#### [Source material]
________________

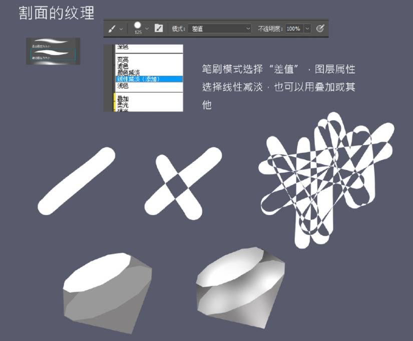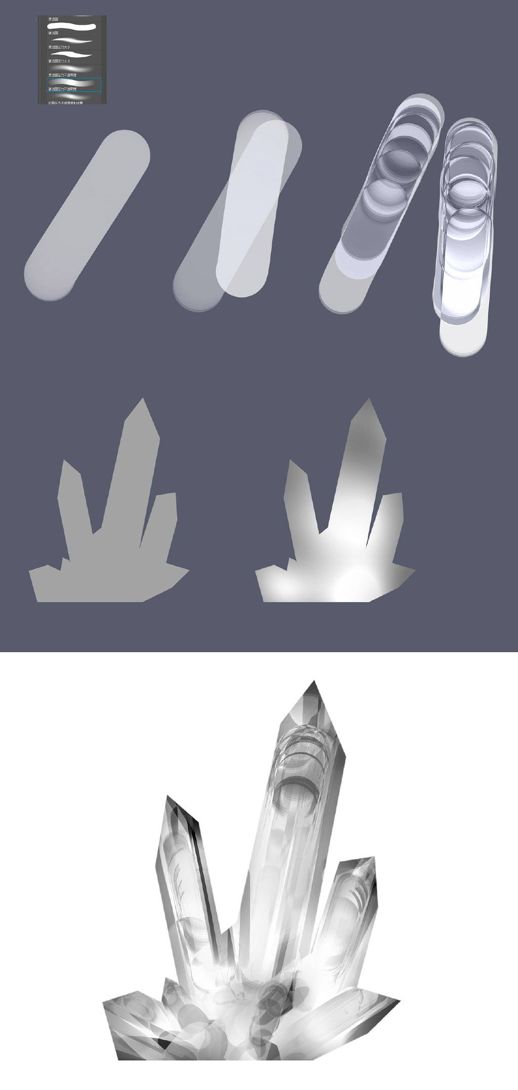 自然结晶的纹理与人工切割类以,用有压力的笔刷多次堆叠就可以实现。
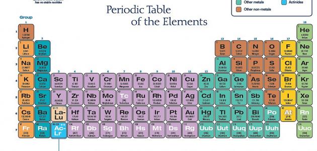 يندرج نصف قطر الذرة في الجدول في الأماكن الآتية:
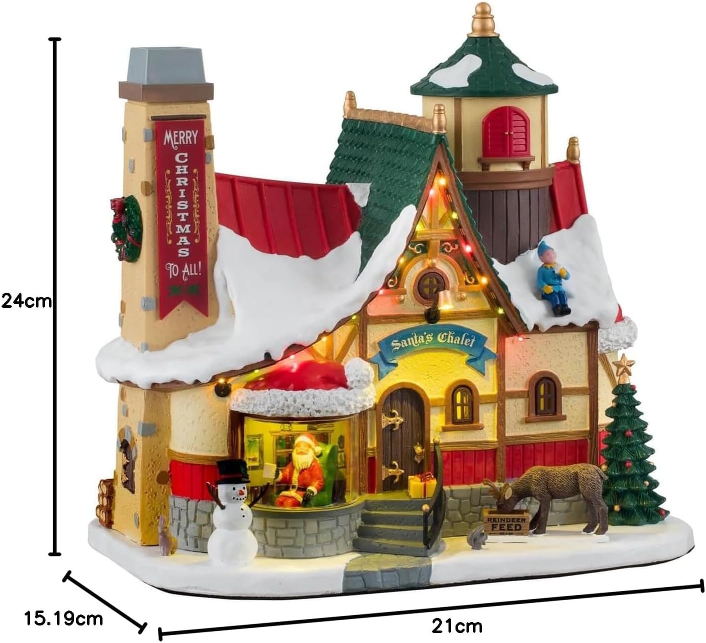 Here he is, folks, the man you have all been waiting to see! Santa looks incredibly cheerful and comfortable in his amazing chalet. With different color lights sparkling along the cornices, an illuminated Christmas tree, and smoke coming out through the chimney, this is deservedly one of the most impressive buildings in Santa’s Wonderland. Peep at the cheeky elf taking a break from work on the snowy roof!
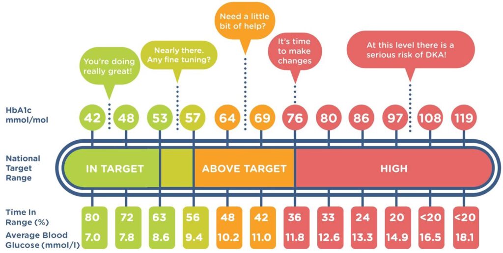 For personer med diabetes er målet at holde blodsukkeret så tæt på det normale som muligt for at undgå komplikationer. Målene kan dog være individuelle og bør altid aftales med en læge.
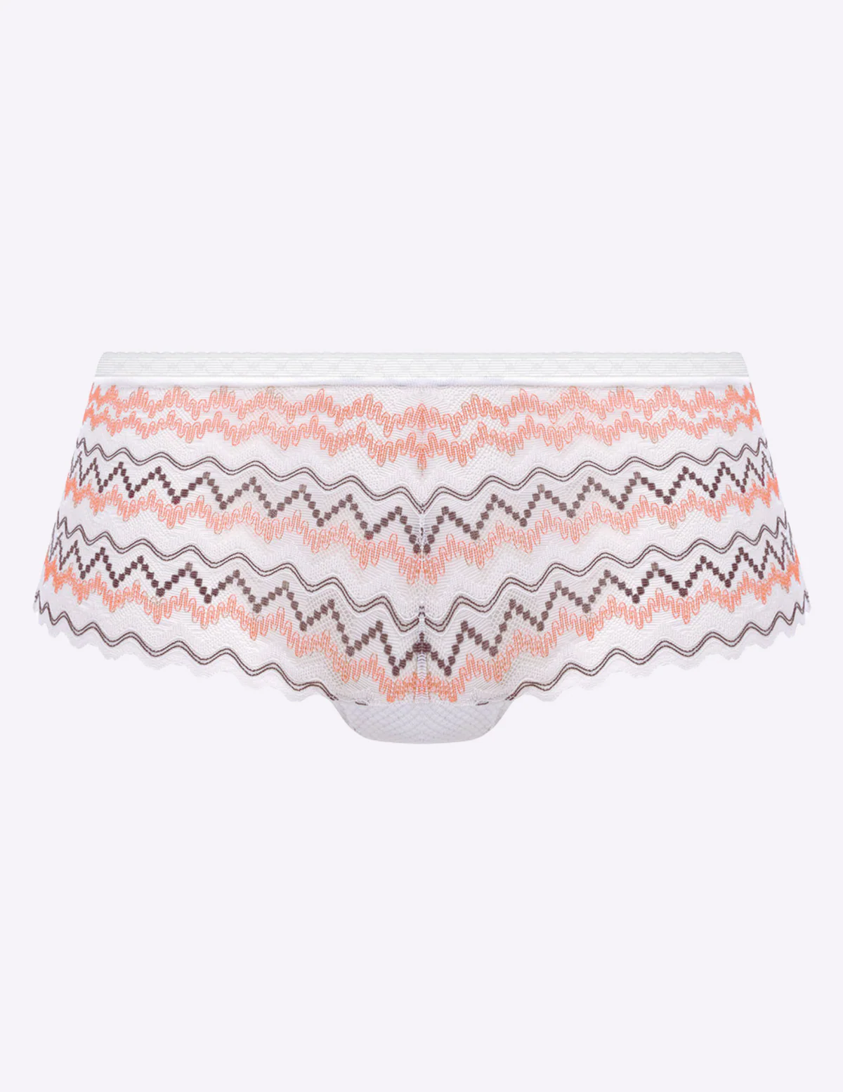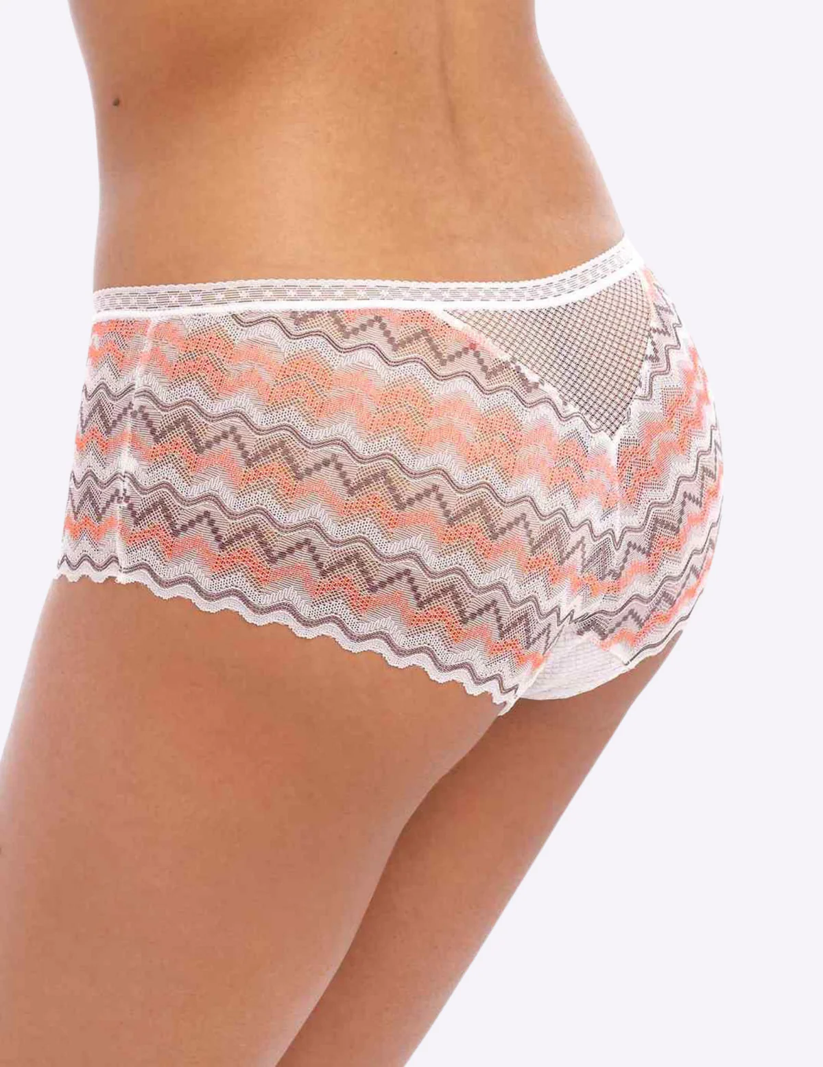 The Festival Vibe Hipster Short from Freya features beautiful three tone geometric lace details. Complete your Festival Vibe look. Pair with the Festival Vibe High Apex bra or the Festival Vibe Molded Demi Plunge bra.
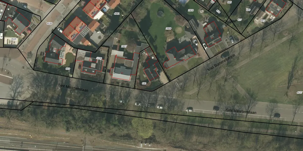 Het perceel waarop Van Bommelstraat 8 staat heeft een oppervlakte van 437 m². Dit is een groot perceel. De perceeloppervlakte wordt geregistreerd door het Kadaster. Gedetailleerde informatie over de maten van dit perceel kunt u vinden in het rapport Kadastrale kaart met maatvoering van Van Bommelstraat 8.
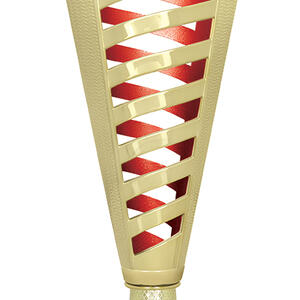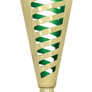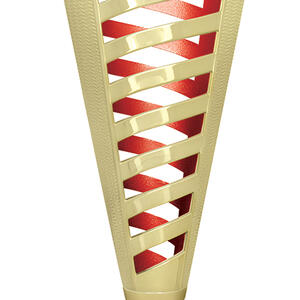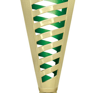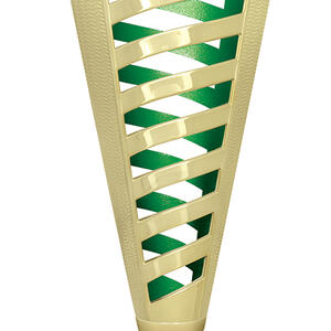 Celebrate achievement with a contemporary plastic trophy cup featuring a refined gold finish and striking spiral design. Accented with your choice of black, green, or red, this cup combines plastic and marble for a balanced, elegant presentation. The customisable centre area and sturdy base make it an adaptable option for recognising performance in any general sports setting.
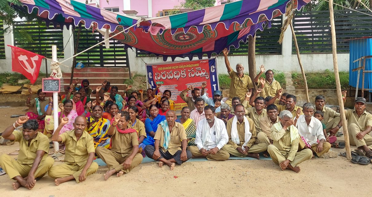 ని మండిపడ్డారు. నేడు రాష్ట్రజాతీయస్థాయిలో మేముచేసే పారిశుద్ధ్యం వలన అవార్డులు తీసుకుంటుంది అంటే ఆఘనత గ్రామపంచాయతీ కార్మికులకే దక్కుతుందన్నారు. మాకు గొంతెమ్మ కోరికలు మాకొద్దు కేవలం మాకు కావాల్సింది ఉద్యోగ భద్రత, ఆరోగ్య భద్రత, పిఎఫ్, ఈఎస్ఐ సౌకర్యం కల్పించడంతోపాటు కనీస వేతనం రూ.19500 చెల్లించాలని డిమాండ్ చేస్తున్నాం మాకున్యాయమైన డిమాండ్లు ప్రభుత్వం తక్షణమే అమలు చేయాలని గ్రామపంచాయతీ కార్మికులు తెలిపారు.
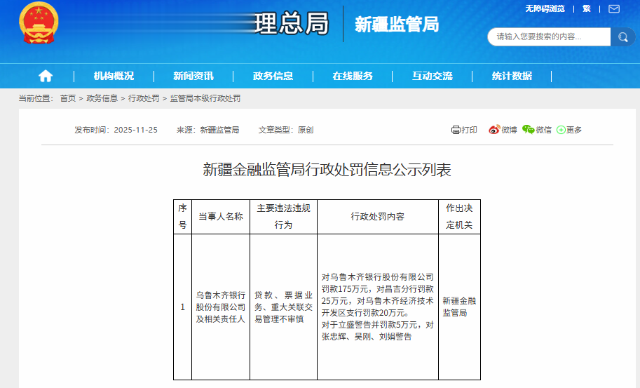 具体为:新疆金融监管局对乌鲁木齐银行股份有限公司罚款175万元,对昌吉分行罚款25万元,对乌鲁木齐经济技术开发区支行罚款20万元等。
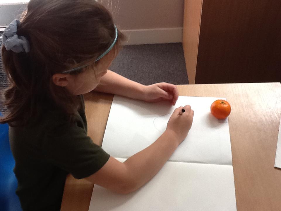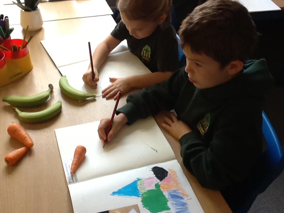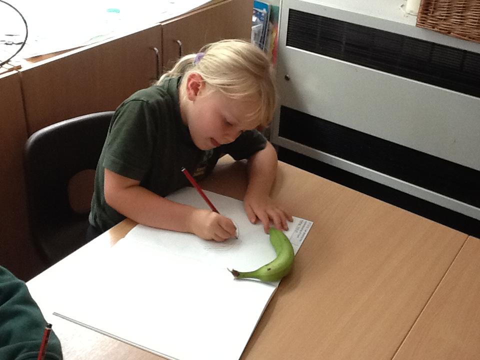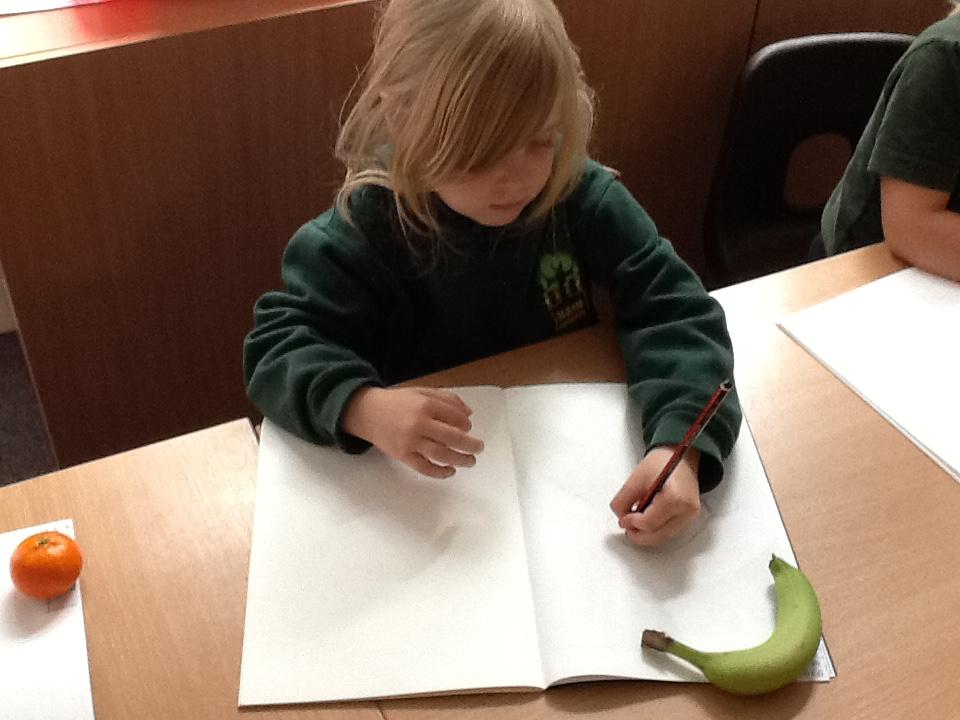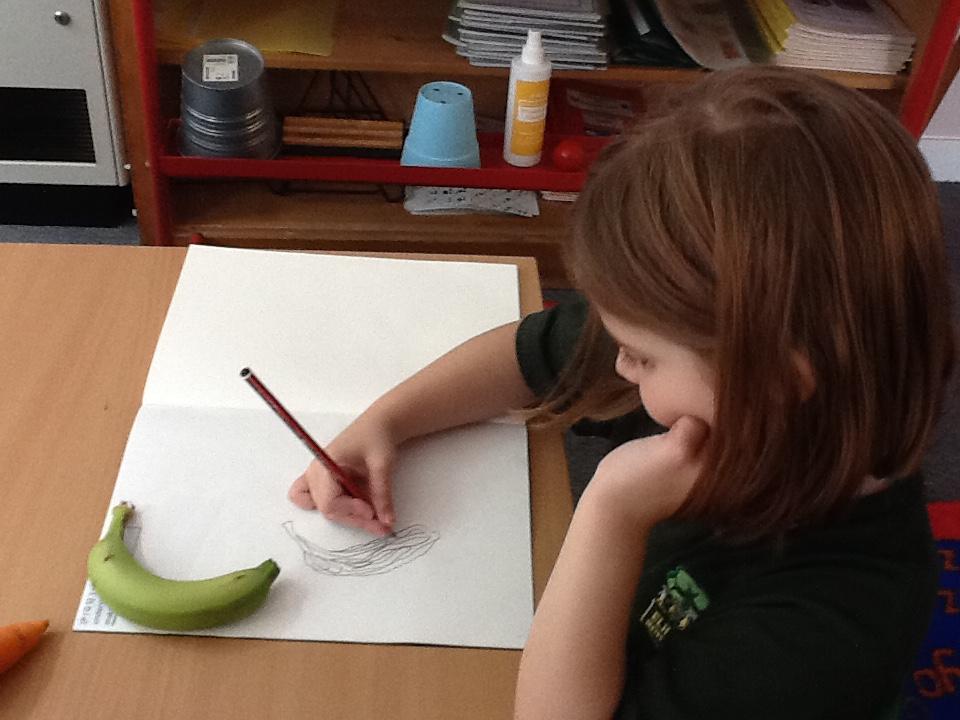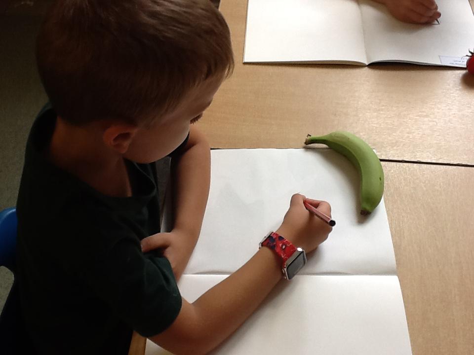 We have spent an afternoon doing observational drawing.  The children tried to draw a piece of fruit or vegetable WITHOUT taking their pencil off the paper.  Some of the children took to this like ducks to water, others really struggled with the idea that they could go back over the same line to get back to the beginning.  It was also very interesting to see that they struggle to draw what they actually see and instead draw what is in their head!  Developmentally, they are not quite ready for this...
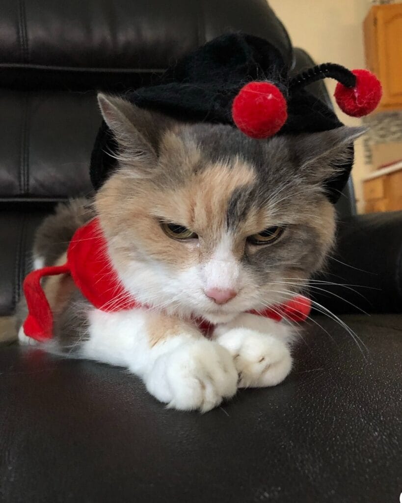 You know how your golden gives you that side-eye when you put a bandana on her? Multiply that by ten. This calico is done with the whole situation, and honestly, she’s never looked more regal doing it.
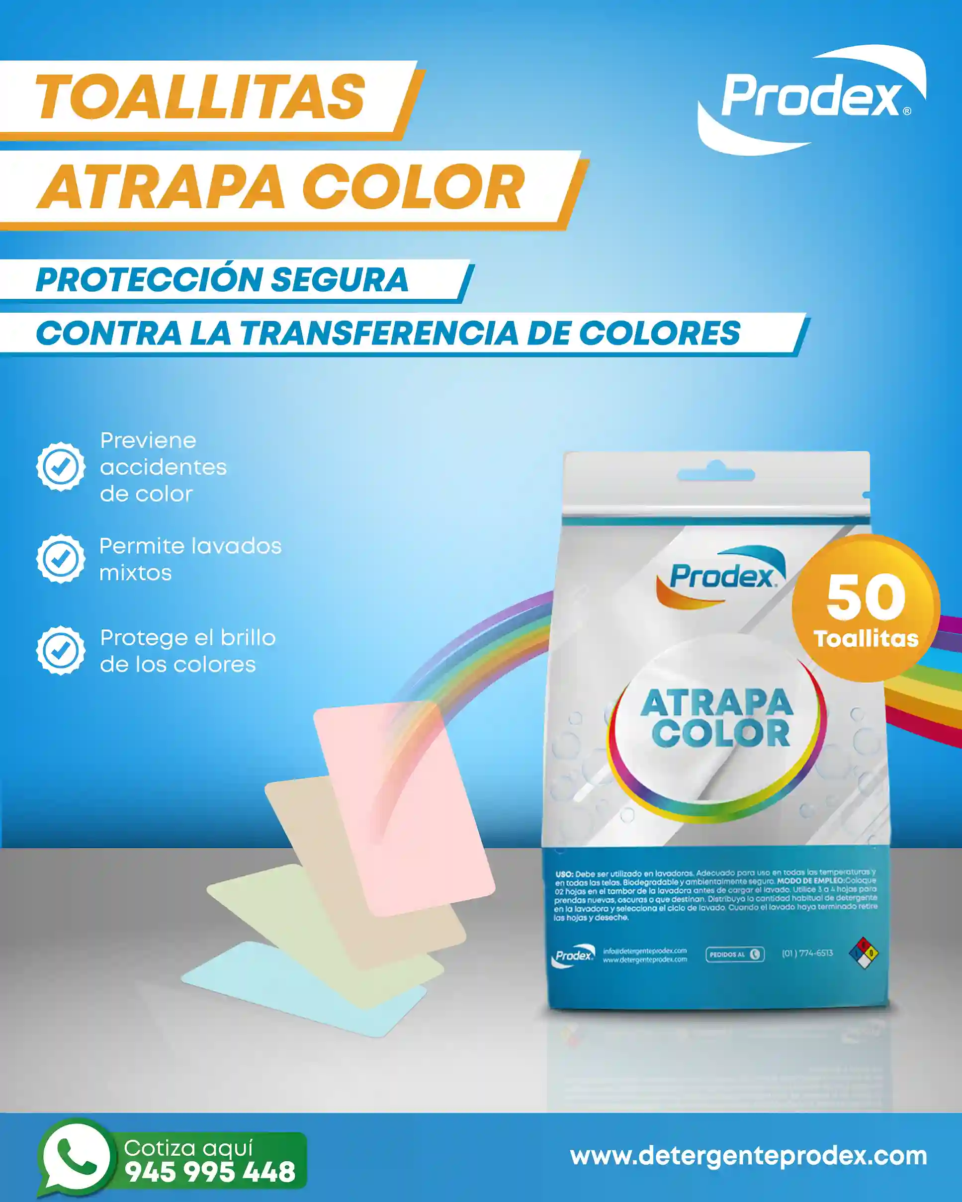 Toallitas Atrapa Color protege tu ropa durante el lavado al evitar la transferencia de colores entre prendas. Con toallitas biodegradables y seguras para el medio ambiente, es ideal para mantener los colores vibrantes y ahorrar tiempo lavando ropa de colores mixtos.

________________

#### [Task]
Would you transcribe the lines above exactly, going from the line bearing "يندرج نصف قطر" through the line bearing "For personer med", and drop the pictures from the copy?

#### [Answer box]
 يندرج نصف قطر الذرة في الجدول في الأماكن الآتية:
 Here he is, folks, the man you have all been waiting to see! Santa looks incredibly cheerful and comfortable in his amazing chalet. With different color lights sparkling along the cornices, an illuminated Christmas tree, and smoke coming out through the chimney, this is deservedly one of the most impressive buildings in Santa’s Wonderland. Peep at the cheeky elf taking a break from work on the snowy roof!
 For personer med diabetes er målet at holde blodsukkeret så tæt på det normale som muligt for at undgå komplikationer. Målene kan dog være individuelle og bør altid aftales med en læge.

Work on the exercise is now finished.